Abstract
Organizations now use AI-assisted resume screeners to manage applicant pools that human recruiters cannot review one by one. That change matters most in entry-level hiring, where internships and first jobs shape later access to technical careers. A student may upload a resume expecting a recruiter to read it, while an automated ranking system has already decided whether that resume appears near the top of the shortlist. My thesis portfolio studies that shared problem from two sides: how to audit the ranking behavior of an LLM-assisted screening pipeline, and how institutions govern commercial screening tools after they purchase them. The technical project measures where demographic gaps appear in ranked outputs and tests mitigation strategies. The STS research paper examines how procurement terms, recruiter workflows, and vendor contracts decide who can inspect, challenge, or override those outputs. The projects are coupled because both focus on the same failure point: a ranked list can look efficient to the organization using it while hiding the reasons some qualified candidates never receive attention. Together, the projects ask how hiring systems can preserve efficiency without making fairness invisible to applicants, universities, and recruiters.

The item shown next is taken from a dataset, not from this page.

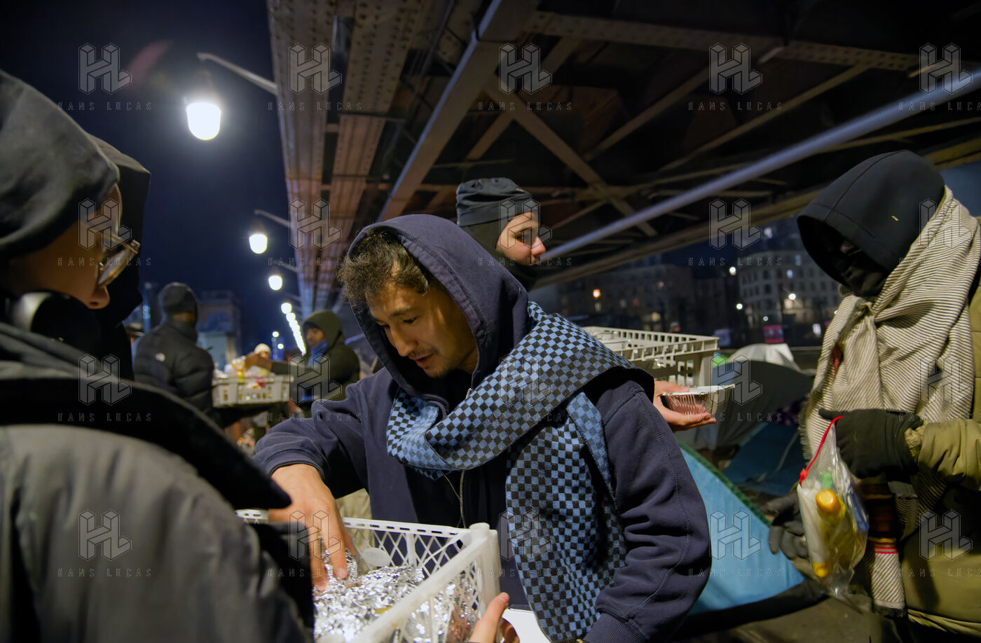 lors dune maraude de nuit aupres de migrants vivant sous des tentes de fortune a Paris France

The technical report, Auditing the Shortlist: Measuring and Mitigating Demographic Bias in LLM-Assisted, Early-Career Resume Ranking, builds a transparent screening pipeline for software-engineering internship applications. The system scores 112 synthetic resumes across eight demographic groups against a standardized job description and a seven-part qualification rubric. Gemma4-26B-A4B, served locally through an MLX runtime, produces structured scores and decision logs for each candidate. I tested four conditions: a baseline, demographic masking, post-hoc reranking, and a hybrid of masking plus reranking. Every condition reached 1.000 top-15 precision, so every shortlisted candidate met the ground-truth qualification standard. That utility result hid large fairness gaps. The baseline produced a 0.250 false negative rate gap across groups, and masking increased the gap to 0.500. Post-hoc reranking reduced the gap to 0.119 without reducing precision. The result shows that fairness must be measured at the shortlist boundary, where recruiter attention gets allocated. It also shows that a familiar mitigation strategy can fail in a specific model and data setting. In this experiment, masking names, universities, and locations removed some signals while leaving content-level proxies the model still used.

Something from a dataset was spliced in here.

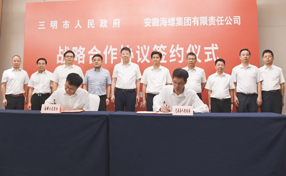 9月8日,尤溪縣人民政府與安徽海螺水泥股份有限公司在廈門正式簽署《海螺(尤溪)綠色建材產業園投資協議》,項目簽約總金額56億元,規劃用地面積約650畝。 市委書記余紅勝,海螺集團黨委書記、董事長王誠,海螺集團黨委委員、副總經理,海螺水泥黨委書記、副董事長王建超,副市長程鵬鷹見證簽約。
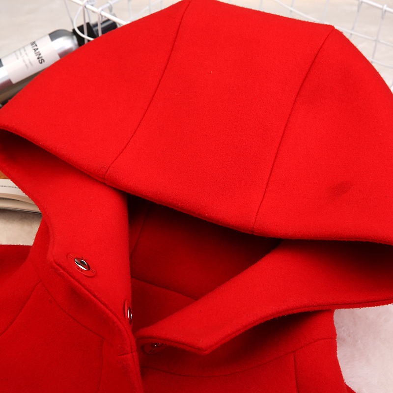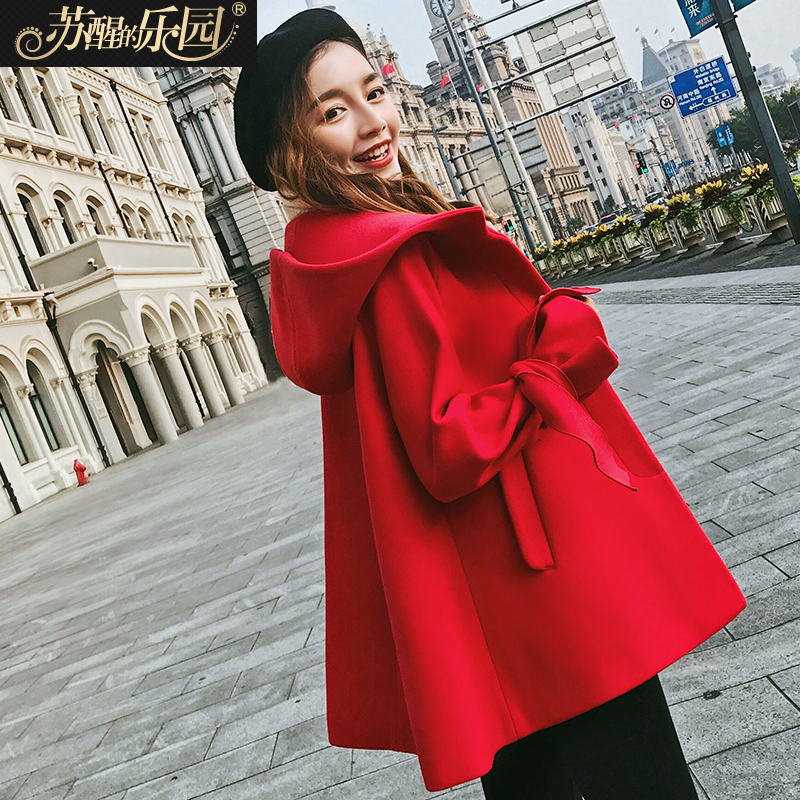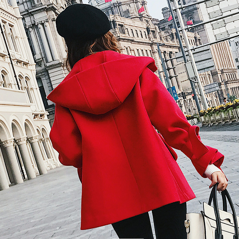 • 斗篷毛呢外套女装秋冬季英伦大红色韩版短款宽松矮小个子呢子大衣

The STS research paper, A Sociotechnical Analysis of AI-Assisted Resume Screening in Entry-Level Hiring, studies the governance system around the same kind of tool. I analyzed 23 public documents: 11 university requests for proposals and 12 vendor terms, agreements, and white papers from major hiring-technology providers. I coded each document for merit definitions, audit rights, candidate appeal mechanisms, and liability language. The findings show that universities often ask for speed without demanding accountability. Nine of 11 RFPs requested automated resume parsing, skills matching, or keyword scoring, but none required vendors to validate those scoring criteria against job performance. Only two RFPs requested any audit access. Nine of 12 vendor documents limited or prohibited reverse engineering, no RFP named applicants as stakeholders, and no vendor document provided a meaningful applicant appeal path. Ten vendor documents capped liability, while seven disclaimed responsibility for discriminatory outcomes caused by client use. The paper argues that procurement turns the screener into a black box by giving vendors control over decision logic while leaving universities with legal exposure and applicants with no practical way to challenge a ranking. This matters because transparency by itself would not solve the problem. A university also needs the right to demand data, require changes, and explain decisions to affected applicants.

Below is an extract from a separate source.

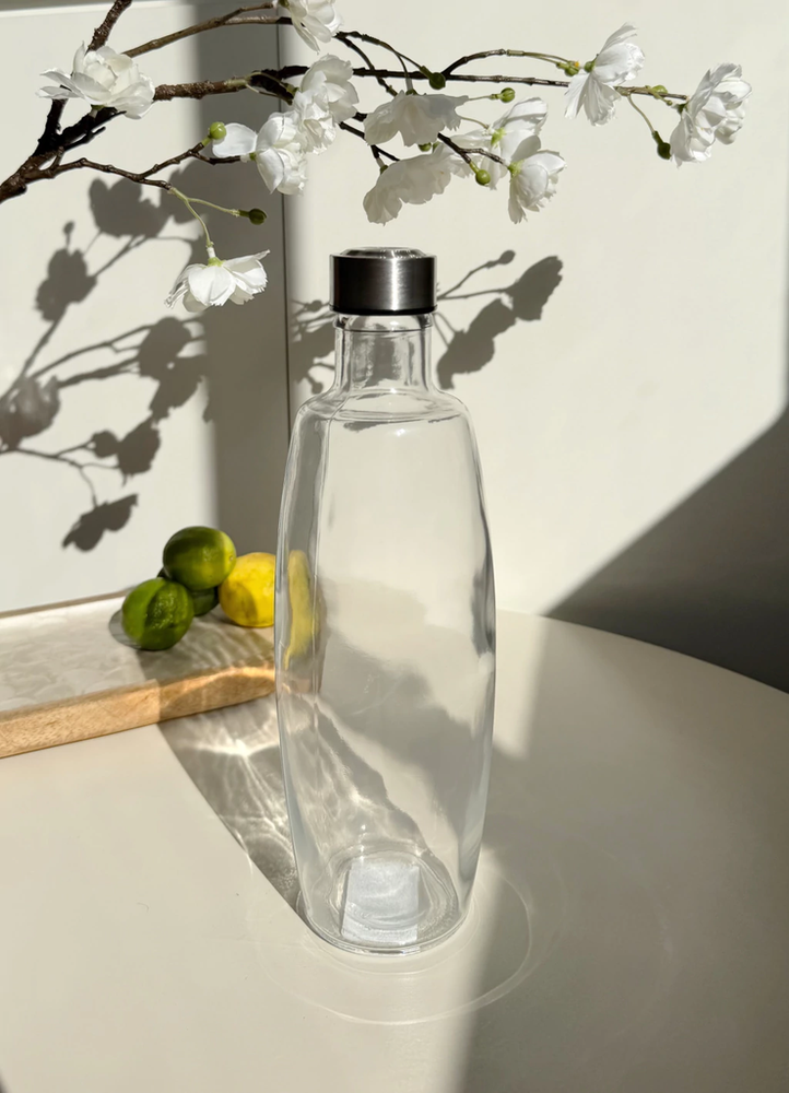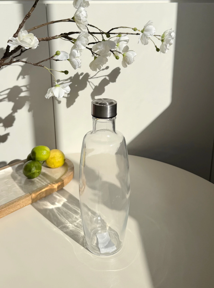 Botella vidrio transparente con tapa acero

The portfolio's main contribution is the connection between measurement and authority. The technical project shows that a glass-box audit can reveal bias patterns that ordinary accuracy and precision metrics miss. The STS project shows why that evidence often fails to matter in real hiring systems: institutions may lack the contractual rights to inspect scoring logic, request candidate-level data, or act on audit findings. Future work should join those two requirements at procurement. Universities should define merit in testable terms, require audit access before adoption, provide applicants with explanations and appeal channels, and share liability with vendors whose systems shape hiring outcomes. The next version of this work should scale the technical audit across more job descriptions, model families, and resume datasets, then connect those audit logs to a recruiter interface with appeal and override paths. AI resume screening can help recruiters manage volume, but only if the institutions using it keep authority over the decisions it influences.